COPENHAGEN: On 1 December 2016, Maersk Line announced its intention to acquire Hamburg Süd, the German container shipping line, and on 14 March 2017, Maersk Line announced the signing of a sale and purchase agreement with the Oetker Group, owner of Hamburg Süd.
Today, the sale and purchase agreement for Maersk Line’s acquisition of Hamburg Süd was approved by the boards of Maersk Line and the Oetker Group. The acquisition still remains subject to regulatory approvals.
Maersk Line will acquire Hamburg Süd for EUR 3.7 billion on a cash and debt-free basis. Maersk Line will finance the acquisition through a syndicated loan facility.
“We have taken a decisive step towards the shared future of Maersk Line and Hamburg Süd. Our due diligence confirmed that Hamburg Süd is a well-run company with strong and highly respected brands. We have confirmed the anticipated synergies and we are convinced that our plan to maximize customer retention is the right path forward. I have no doubt that together we can develop new competitive products to the benefit of our customers and exploit operational synergies. The acquisition is cementing our position as the largest and leading carrier in container shipping, and it will provide great opportunities for the employees of both companies,” says Mr. Søren Skou, CEO of Maersk Line and A.P. Moller – Maersk.

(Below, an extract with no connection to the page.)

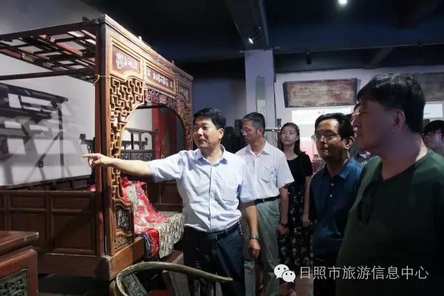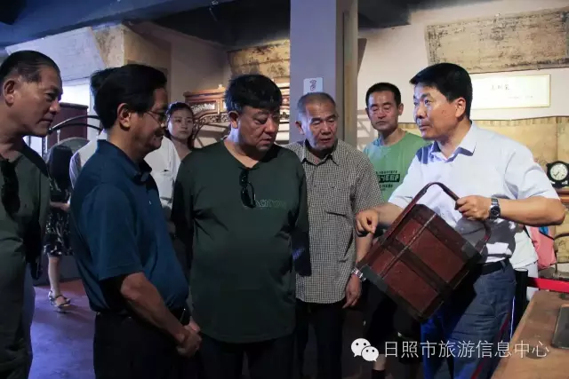 7月24日下午,革命家朱德元帅外孙刘康同志及其夫人左焕、张治中将军之孙张皓霆同志及其夫人陈金秀、黎玉之子黎小弟同志、牟宜之子牟广丰同志、陈昌之子陈龙狮同志、央视记者王旭东来到日照市抗日战争纪念馆考察。日照市旅游发展委员会副主任禚磊、日照市委党史研究室副主任尹德满陪同。日照市抗日战争纪念馆馆长刘军华做全程讲解。 刘馆长对到访的贵宾详细介绍馆内收藏品 刘馆长与到访来宾敲响状元锣,共同祝愿美好生活。 革命家后代对抗日战争纪念馆的红色教育给予肯定,并表述了自己独到的见解,提出了宝贵建议。 夏令营的小朋友们也在馆内参观 日照市抗日战争纪念馆内陈放的部分收藏品 来宾合影

The acquisition is in line with the Maersk Line’s growth strategy. It represents a unique opportunity to combine two complementary businesses and realise sizable operational synergies as well as commercial opportunities. Combined, the two companies will be able to realise operational synergies in the region of USD 350-400 million annually over the first couple of years following completion of the transaction.
Hamburg Süd will maintain its own structure hereunder its separate brands and is expected to deliver a high customer retention adding to Maersk Line’s growth agenda.
The combined network will include increased number of weekly sailings, faster transit times, more port calls, more direct port-to-port calls and less need for transhipment, to the benefits of both Maersk Line and Hamburg Süd customers.
The cost synergies will primarily be derived from integrating and optimizing the networks as well as standardized procurement. In addition, APM Terminals’ global portfolio will benefit from increased volumes, specifically the many investments made in the Latin America Region.
“We consider the purchase price of EUR 3.7 billion a fair valuation of Hamburg Süd. By keeping Hamburg Süd as a separate and well-run company, we will limit the transaction and integration risks and costs while still extracting the operational synergies. The acquisition of Hamburg Süd will therefore create substantial value to Maersk Line already in 2019,” says Søren Skou.
To continue and strengthen the future growth of Hamburg Süd, Maersk Line emphasizes its plans to preserve the customer value proposition of Hamburg Süd. It also commits to maintain the presence of Hamburg Süd in Hamburg, Germany, and has agreed to lease the local head office, initially for a period of five years.
“Hamburg Süd has a strong brand and an attractive customer value proposition. We believe these elements are key for our acquisition to become a success. Therefore, Hamburg Süd will remain under own management and with full brand responsibility,” says Søren Skou.
“We see the acquisition of Hamburg Süd by Maersk Line as a natural development and we are convinced that Hamburg Süd will thrive under continued own management and maintain not only the services offered to its customers, but also provide its employees a fantastic opportunity to continue shaping the future of the industry as a leading service provider,” says Dr. Ottmar Gast, Chairman of the Hamburg Süd Executive Board.
With the acquisition, Maersk Line and Hamburg Süd will have a total container capacity of around 3.9 million TEU (3.3 million TEU) and an 18.7% (16.0%) global capacity share (Alphaliner per 24 April 2017). The combined fleet will consist of 743 container vessels.
The process of obtaining regulatory approvals is on schedule. On 23 March 2017, the US Department of Justice approved the proposed acquisition and on 10 April 2017, the EU Commission approved the proposed acquisition, subject to conditions.